Sequoia Capital’s investment in WhatsApp – perhaps the most successful single VC investment ever – epitomises the way in which a particular philosophy can appeal to venture capitalists. One of the largest and most successful VC firms, Sequioa Capital has financed numerous successful tech companies, including Paypal, Reddit and Tumblr.
Part of Sequoia Capital’s interest in WhatsApp was due to the messaging app’s rapid growth. WhatsApp was fast becoming an industry leader in many countries, despite minimal marketing spend. However, there were more theoretical factors that piqued the interest of Sequioa Capital partner Jim Goezt.
Mr Goezt was particularly intrigued by the unconventional approach of WhatsApp’s founders towards advertising. From the outset, WhatsApp’s founders prioritised the engagement of existing users over advertising to try and get new users.

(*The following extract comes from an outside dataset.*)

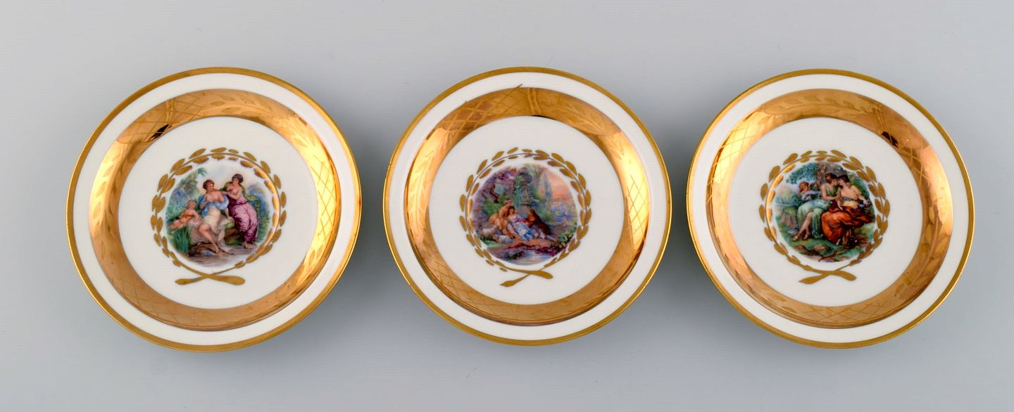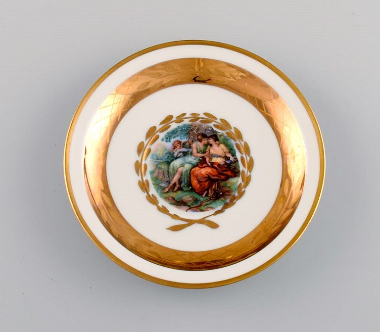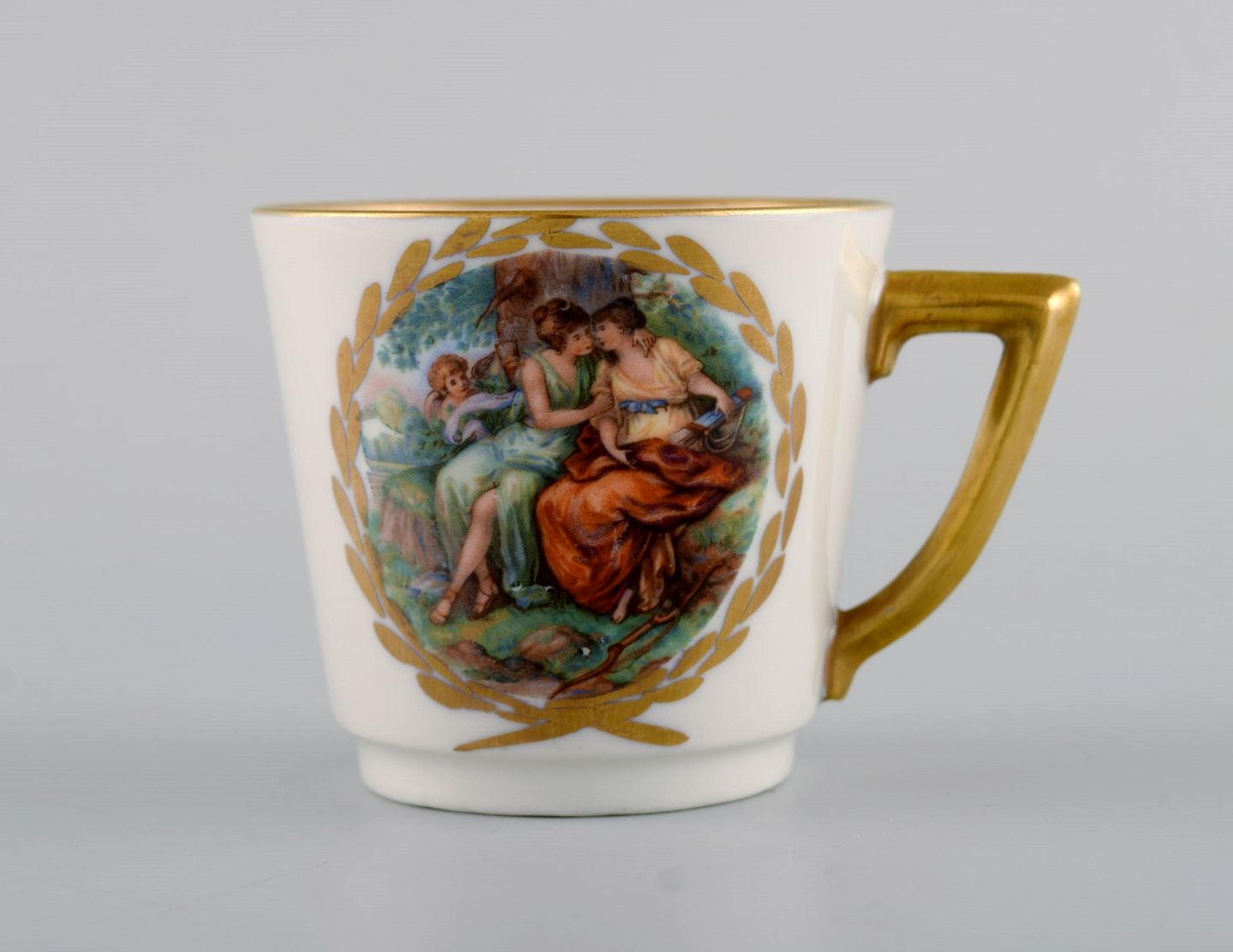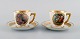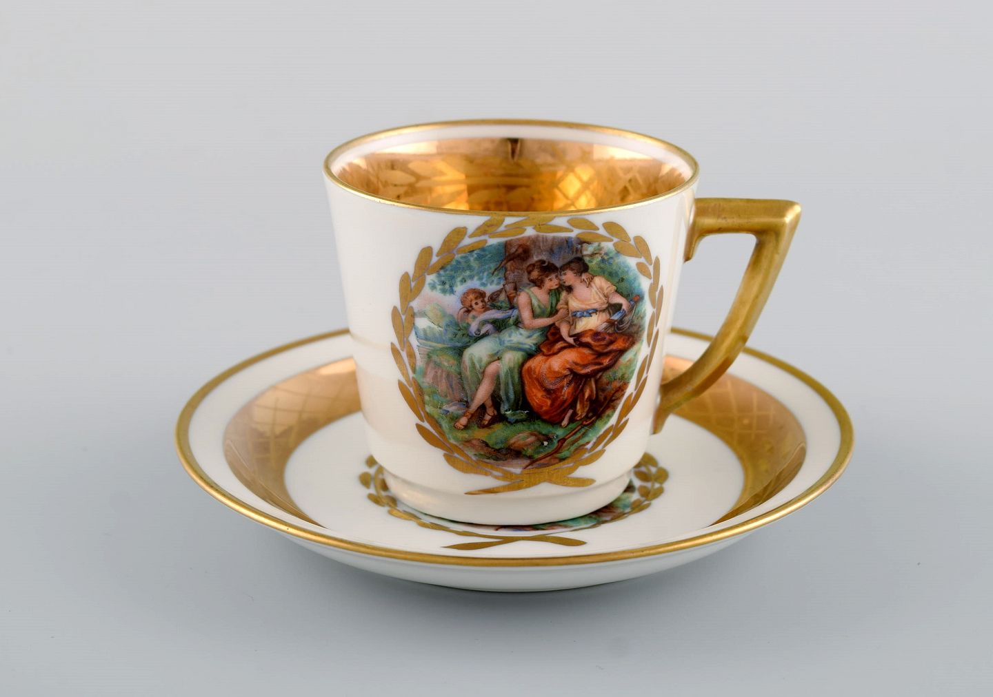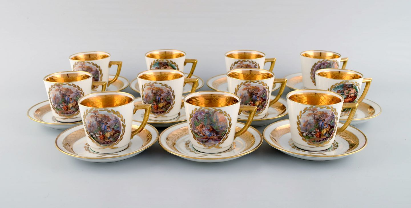11 Royal Copenhagen kaffekopper med underkopper i porcelæn med romantiske scener og gulddekoration. 1900-tallet. Koppen måler: 6 x 5,7 cm. Underkop diameter: 11,5 cm. Stemplet. I flot stand. 1. sortering.

The duo also wrote a manifesto against in-site advertising, understanding that it would ruin users’ experience with the app. One of WhatsApp’s USPs was, and remains, its simplicity.
WhatsApp took a similar approach to VC funding. Rather than trying to attract multiple investors – which is often done by startups to generate hype – WhatsApp’s founders made it clear that they would only work with one firm.
Sequioa Capital’s $60 million investment demonstrated its whole-hearted belief in WhatsApp’s way of doing things; Sequioa Capital paid for $52 million of the shares at a 75x revenue multiple.
Safe to say, the move paid off spectacularly, in a way that underlines the importance of the personalised nature of the VC industry. When Facebook acquired WhatsApp for $22bn, Sequioa Capital’s $60m investment was worth more than $3 billion.
As has been well-documented, the savvy investment was particularly pleasing to Sequioa Capital because it sold WhatsApp to Mark Zuckerberg’s Facebook. Zuckerberg had famously rocked up late to a meeting with the VC firm in his pyjamas with a ten-slide pitch deck about why they should not invest in Facebook.
The investment epitomises why a personal touch is so important in venture capital investment; VCs must select entrepreneurs that combine visionary ideas with practical management skills, can bounce back from adversity and can motivate a team. The only way to ascertain this is to spend time with them; this will never be automated.
Roman Semiokhin, an international venture capitalist and entrepreneur, looks at people first and numbers second: ‘Even the best and most successful entrepreneurs struggle to accurately predict budgets and forecasts in early-stage businesses – they are usually not accountants but inventors, and they carry different skillsets. They understand products, customers and technology – they are not investment bankers. As a growth investor, you prioritise people over numbers.’
Depending on your mindset, this is either exciting or the kind of people-centric, reputation-based, gut-feel approach that Jonah Hill went against in Moneyball. If the aim of VC was to ensure steady, 7% ROI, it would be foolhardy. However, to those who understand the value of VC, this approach is the whole reason why it’s exciting and why it can bring such massive wins.
To continue the baseball analogy, Chris Dixon, general partner at leading VC firm Andreesen Horowitz, compares the approach of VC investors to the ‘Babe Ruth effect’. Babe Ruth was frequently struck out, but when he connected it was a home run. The personal touch of the best venture capitalists is a key contributing factor to finding the highest-growth start-ups and the next WhatsApp home run.
Due to the very essence of the industry, venture capital will continue to be an inherently people-focused business. Rather than being considered a negative, investors in venture capital firms should see this as an opportunity; VC has always been a business based on gut instinct and possibility rather than data crunching.
In an age where finance will be increasingly automated, venture capitalists should not lose sight of what makes their industry special.